Physical Resources / 111
The classification may be powerful, but there are attractions in calling Mollisols ‘prairie soils’ (or
chernozems), Histosols ‘peat’ or ‘muck’, and, given the widespread environmentalist concern over
the degradation of some tropical soils, calling Oxisols ‘lateritic soils’, which are the names by which
they used to be known. There is also a Canadian classification system that divides soils into two
orders, Brunisolic comprising 4 Great Groups and Chernozemic with 3 Great Groups and a total of
42 Subgroups (burgundy.uwaterloo.ca/bio1446/chap2bsm.htm).
27. Transport by water and wind
Once it has developed, soil does not necessarily remain in the place where it formed.

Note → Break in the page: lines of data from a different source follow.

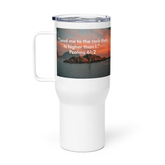 Lead me to the rock travel mug with a handle
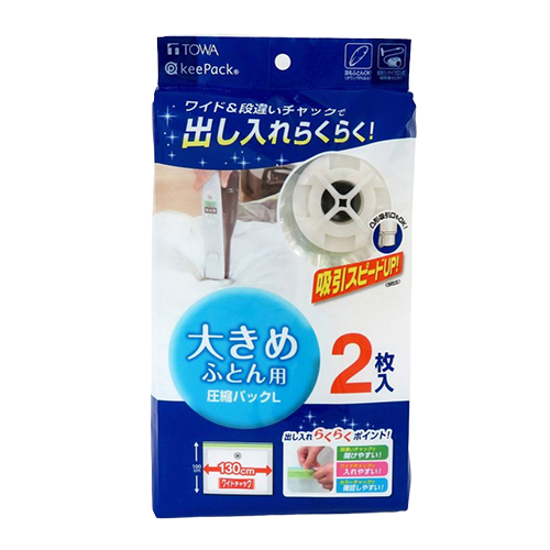 ●種別:大き目ふとん用(L)●外寸(縦×横):1300×1000mm●材質:本体=ポリエチレン・ナイロン、バルブ=ポリエチレン、スライダー=ポリエチレン●2枚入り ●収納の目安:シングル掛けふとん(ロング)なら1枚、シングル敷きふとんなら1枚、ダブル掛けふとん(6つ折り)なら1枚、ダブル敷きふとん(4つ折り)なら1枚 ●最小出荷単位: 36
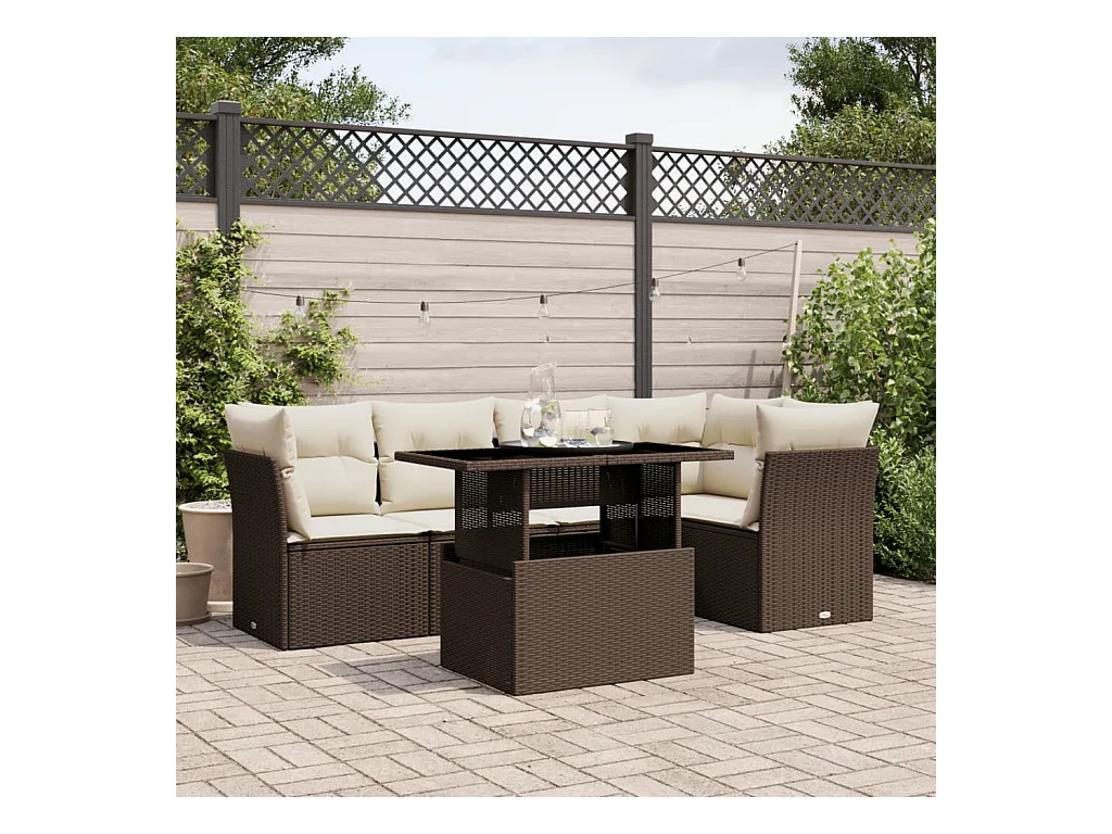Salon de jardin avec coussins 6 pièces marron résine tressée
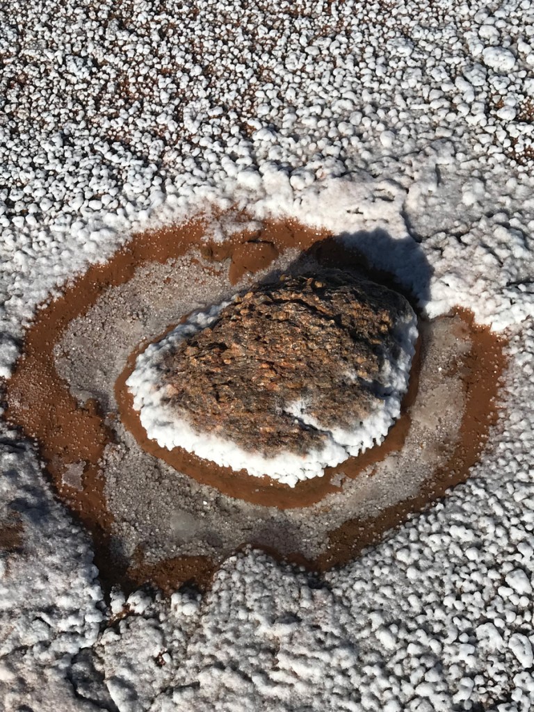 The area looks almost moon-like in places, with rocks covering the white surface. The salt eats at them, pitting some in almost coral patterns.

It can be transported,
sometimes over very long distances, by wind and water, and over short distances by gravity.
Occasionally, rain in northern Europe leaves everything exposed to it coated by a thin layer of reddish
dust. It is Saharan dust, lifted from the desert, carried some 2500 km by air movements, then washed to
the ground. Some of that dust remains to form a very minor constituent of European soil. Fine soil
particles lofted by wind in the North American Great Plains during the dust-bowl years of the 1930s fell
as dust in New York and discoloured the Atlantic for hundreds of kilometres from the American coast.
The Dust Bowl
An area of about 390000 km^2 in south-western Kansas, south-eastern Colorado,
north-eastern New Mexico, and parts of Oklahoma and Texas that was originally
prairie. The climate is semi-arid and prolonged droughts are common. After
1918, US grain prices rose steeply, encouraging farmers to plough the prairie,
and for several years they produced satisfactory yields. A drought began in
1933 and lasted until 1939, being especially severe in 1934 and 1935. It was
in those two years that topsoil, exposed by ploughing and reduced by aridity to
a fine dust, blew away, the lighter particles forming clouds 8 km high. Farmers,
most of whom were already poor, were ruined and thousands of them migrated
to seek other work.
In 1935 the US Department of Agriculture founded the Soil Conservation Service
to promote sound soil conservation practices throughout the country, and with
the return of the rains some farming resumed, although much of the area was
returned to grass. Drought has continued to afflict the region at intervals of
about 20–22 years.
Where aeolian (wind-blown) deposits accumulate they make a soil known as ‘loess’. Obviously, the
smaller the particles the further the air will carry them, and so the material is graded, becoming finer
with increasing distance from its source. Loess soils are extensive, covering much of the central
United States, where in places they are several metres thick (HUNT, 1972, p. 138). There are also
extensive deposits in Argentina, various parts of Europe, and in China; in the northern and eastern
highlands they are believed to be 300 m thick (DONAHUE ET AL., 1958, pp. 24–25), with the
underlying rock projecting through it locally as hill and mountain ranges.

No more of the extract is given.